© JUNGE FREIHEIT Verlag GmbH & Co. www.jungefreiheit.de 13/04 19. März 2004

Im Glashaus
Und niemals an die Leser denken: Die "Literarische Welt" beklagt eine Verluderung der Sitten, an die sie sich selber nicht hält
Thorsten Thaler

Die Klage klingt wohlfeil, doch sie ist berechtigt. Seit Martin Walsers Roman "Tod eines Kritikers" sei es Mode, so die Literarische Welt (wöchentliche, jeweils Samstag erscheinende Beilage der Tageszeitung Die Welt) in ihrer vorletzten Ausgabe, "noch nicht zu Ende lektorierte Bücher zu rezensieren, die erst Wochen später, wenn überhaupt, beim Leser ankommen". Aber, fragt das Blatt seine Leser, "wollen Sie wirklich Romane angepriesen bekommen, die Sie (so) nie werden lesen können?"

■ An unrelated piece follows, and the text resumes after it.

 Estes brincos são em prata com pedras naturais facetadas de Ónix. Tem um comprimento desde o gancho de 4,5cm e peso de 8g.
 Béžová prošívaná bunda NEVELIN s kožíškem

Natürlich nicht, möchte man antworten und ist geneigt, der Aufforderung der Literarischen Welt nachzukommen und die eigene Meinung per E-Post der Redaktion mitzuteilen. Da erinnert man sich gerade noch rechtzeitig an ein Vorkommnis im Frühjahr 2003.

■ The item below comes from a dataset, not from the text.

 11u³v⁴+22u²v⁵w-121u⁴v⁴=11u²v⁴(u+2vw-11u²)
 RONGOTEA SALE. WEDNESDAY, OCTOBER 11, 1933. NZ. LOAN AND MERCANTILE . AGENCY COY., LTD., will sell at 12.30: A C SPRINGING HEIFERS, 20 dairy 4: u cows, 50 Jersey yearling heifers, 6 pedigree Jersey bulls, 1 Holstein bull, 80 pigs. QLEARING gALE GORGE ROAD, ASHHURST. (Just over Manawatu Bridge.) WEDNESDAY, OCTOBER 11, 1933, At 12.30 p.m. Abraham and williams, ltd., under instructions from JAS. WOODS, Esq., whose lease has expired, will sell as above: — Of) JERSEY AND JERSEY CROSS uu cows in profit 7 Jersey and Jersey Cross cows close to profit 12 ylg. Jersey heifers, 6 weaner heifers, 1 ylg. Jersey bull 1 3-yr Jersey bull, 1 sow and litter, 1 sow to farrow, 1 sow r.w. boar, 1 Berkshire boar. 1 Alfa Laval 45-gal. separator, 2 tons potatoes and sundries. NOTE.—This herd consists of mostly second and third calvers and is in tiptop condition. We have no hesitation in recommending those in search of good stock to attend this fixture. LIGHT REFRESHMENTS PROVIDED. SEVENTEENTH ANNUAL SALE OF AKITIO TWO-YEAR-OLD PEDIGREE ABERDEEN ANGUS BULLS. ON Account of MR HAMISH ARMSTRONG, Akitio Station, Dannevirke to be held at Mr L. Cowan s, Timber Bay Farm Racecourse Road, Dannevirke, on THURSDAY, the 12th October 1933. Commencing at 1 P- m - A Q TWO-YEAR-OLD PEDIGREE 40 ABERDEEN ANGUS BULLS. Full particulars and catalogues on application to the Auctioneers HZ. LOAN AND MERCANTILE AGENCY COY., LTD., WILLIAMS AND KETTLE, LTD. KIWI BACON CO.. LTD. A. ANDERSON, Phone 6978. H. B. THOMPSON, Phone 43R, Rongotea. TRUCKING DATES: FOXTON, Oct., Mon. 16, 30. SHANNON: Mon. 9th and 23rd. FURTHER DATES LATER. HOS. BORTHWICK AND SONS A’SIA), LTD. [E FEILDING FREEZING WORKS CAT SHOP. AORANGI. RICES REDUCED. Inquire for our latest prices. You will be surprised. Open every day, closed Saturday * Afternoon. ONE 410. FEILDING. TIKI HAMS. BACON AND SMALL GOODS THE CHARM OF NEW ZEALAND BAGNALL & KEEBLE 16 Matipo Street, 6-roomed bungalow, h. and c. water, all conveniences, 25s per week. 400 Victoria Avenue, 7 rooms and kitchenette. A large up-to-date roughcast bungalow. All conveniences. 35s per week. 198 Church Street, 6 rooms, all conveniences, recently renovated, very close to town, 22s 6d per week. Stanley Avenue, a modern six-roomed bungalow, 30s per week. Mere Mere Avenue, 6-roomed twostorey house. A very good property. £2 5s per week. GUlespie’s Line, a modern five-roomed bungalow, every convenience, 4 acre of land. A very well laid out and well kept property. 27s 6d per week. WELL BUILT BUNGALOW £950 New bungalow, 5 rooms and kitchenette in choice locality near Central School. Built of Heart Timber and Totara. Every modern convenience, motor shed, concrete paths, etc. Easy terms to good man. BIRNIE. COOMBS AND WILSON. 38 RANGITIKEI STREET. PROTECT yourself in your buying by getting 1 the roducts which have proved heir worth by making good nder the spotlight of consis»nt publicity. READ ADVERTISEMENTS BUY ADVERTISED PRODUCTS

In der Rubrik "Buch der Woche" präsentierte die Literarische Welt eine Ernst-Bloch-Biographie von Arno Münster. Die ellenlange Rezension unter der Überschrift "Marxismus auf eigene Faust" feierte das Buch als erfrischende "Wiederentdeckung der revolutionär-utopischen Denkungsart" des Philosophen Bloch. Als Verlag war Suhrkamp angegeben.

Der Schönheitsfehler dabei: Kein Leser konnte das Buch kaufen; es war noch gar nicht erschienen. Und nicht nur das, zwei Tage später, am 5. Mai, mußte die Welt melden, daß die Bloch-Biographie "auf unbestimmte Zeit verschoben" worden sei. Autor und Verlag "wollen noch maßgebliche Veränderungen am Text vornehmen", hieß es. Im Juli schließlich folgte die Nachricht, daß Suhrkamp das Buch ganz aus dem Programm genommen hat. Die Welt sah darin einen "dubiosen Vorgang" und monierte, daß dem Verlag erst nach Verschicken der Druckfahnen Zweifel an dem Buch gekommen sind.

Nun mögen die Umstände des Rückziehers von Suhrkamp seinerzeit fragwürdig gewesen sein, die jetzige Klage der Literarischen Welt aber ist definitiv zynisch und heuchlerisch! Niemand hat schließlich die Redaktion gezwungen, ein Buch anzupreisen, das noch nicht im Handel war und das die Leser (so) nie werden lesen können.